Forum Stats

  • 3,759,022 Users
  • 2,251,493 Discussions
  • 7,870,471 Comments

Discussions

Is there a way to convert a function that uses recursive regexp into "plain" SQL?

JonWat
JonWat Member Posts: 536 Silver Badge

I have a function that selects out the first words in a given string if they are all caps (plus a couple of punctuation marks). I now need to do the same thing in an environment where I cannot use functions, and where CTE functions cannot be used (a Direct Database Request in OBIEE 11.1.1.7.).
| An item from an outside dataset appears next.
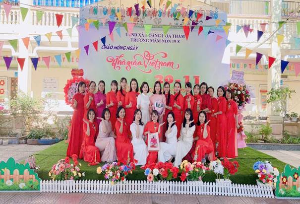 (Tập thể cán bộ giáo viên, nhân viên trường mầm non 19-8 chụp ảnh lưu niệm)
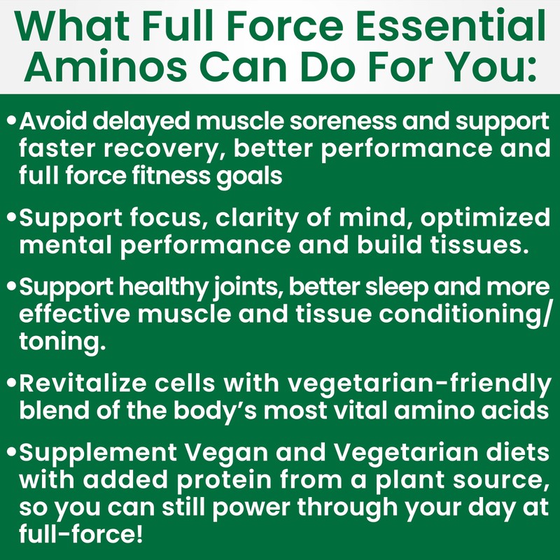 - Full Force Aminos, a comprehensive blend of amino acids, has been meticulously designed for optimal absorption in a free-form amino acid complex. Comprising 9 Essential Amino Acids (EAAs), including Branch Chain Amino Acids (BCAA), Full Force Aminos provides the essential building blocks to support body growth, expedite recovery, alleviate exercise fatigue, enhance cognitive health, boost brain power, and promote restful sleep.

Below is the contents of the function which works fine given a single row of input, but which cannot handle a set of data (i.e. the two rows in the full testdata). Is there any way to get the same result using just SQL?

Thanks.


with testdata as
 --(select 'END ORGNAME Begin address' p_address from dual union all
 (select 'NEWFOUNDLAND SOCIETY INC 24 High Street' p_address from dual)
select listagg(apart,' ') within group (order by lv) trans_string,length(listagg(apart,' ') within group (order by lv)) trans_string_length
 from 
  (SELECT regexp_substr(p_address,'[^ ]+',1,level) apart,level lv
   from testdata
   connect by level <= REGEXP_COUNT (p_address,'[^ ]+')
  )t  
 where t.lv <= 
      ( select nvl(min(case when isvalid = 0 then lv end) - 1, count(*)) 
        from
          (select lv,ispo,case when not (ispo = 1 or rv= 0) then 1 else 0 end isvalid
           from
             (select lv,apart,regexp_instr(apart,'^[A-Z&,.]*$') rv,case when apart in ('PO','P.O.') then 1 else 0 end ispo
              from 
                (SELECT regexp_substr(p_address,'[^ ]+',1,level) apart,level lv
                 from testdata
                 connect by level <= REGEXP_COUNT (p_address,'[^ ]+')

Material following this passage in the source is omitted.